Dave’s own mitochondrial function has been a focus of his biohacking passion for many years, which has led him to develop a wide array of habits to improve their function so they are all running optimally. The good news is, you can do this too! To make a long story short, if your mitochondria aren’t functioning optimally, then you aren’t, either. So, here are some things you can do to supercharge your mitochondria, according to Dave himself.

Curb Inflammation

Eating a clean diet free from grains and dairy is one way to eliminate inflammation from the body. Incorporating a lot of whole foods and eliminating processed foods can help you to minimize, reduce, and even eliminate inflammation.

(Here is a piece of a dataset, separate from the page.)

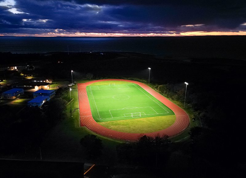 The lighting system distributes high-quality, uniform illumination across the field of play while keeping glare out of athletes’ eyes and preventing light from spilling beyond the edges of the property. Athletes from the university, high school, soccer leagues, and broader community can enjoy the facility without disturbing nearby wildlife, interrupting nature trail tours, or interfering with a local astronomical observatory.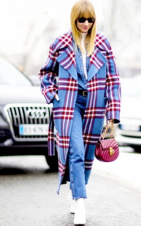 格纹元素是永不过时的,尽显浓郁英伦风气息,很是加分哦!打造当下chic范,当蓝色格纹大衣,遇上白色小高领,洒脱又不失甜美气质,散发高雅气息。下装选择加分牛仔裤,以及白色短靴,打造典雅街头范,你学会了吗?

In order for your body’s systems to be functioning efficiently, you want the least amount of inflammation as possible. Chances are, you may already have some inflammation of the body, and you may want to find out what foods are causing that for you and cut those out, too.

Get Adequate Sleep

Sleep is so very important, and not just sleep itself, but the quality of sleep you are getting. Be sure to go to bed when you are tired and limit screen time before bed — ideally no screens at all for at least an hour before you go to bed. Be sure to sleep in a very dark room, too, as even the lights on your phone or alarm clock can interfere with your sleep by disrupting your melatonin production. Be sure to turn these off or at least cover up the lights. Ideally, you should get blackout curtains so that no outside light can get into your bedroom. These are all crucial steps for ensuring you are maximizing the benefits of your sleeping hours.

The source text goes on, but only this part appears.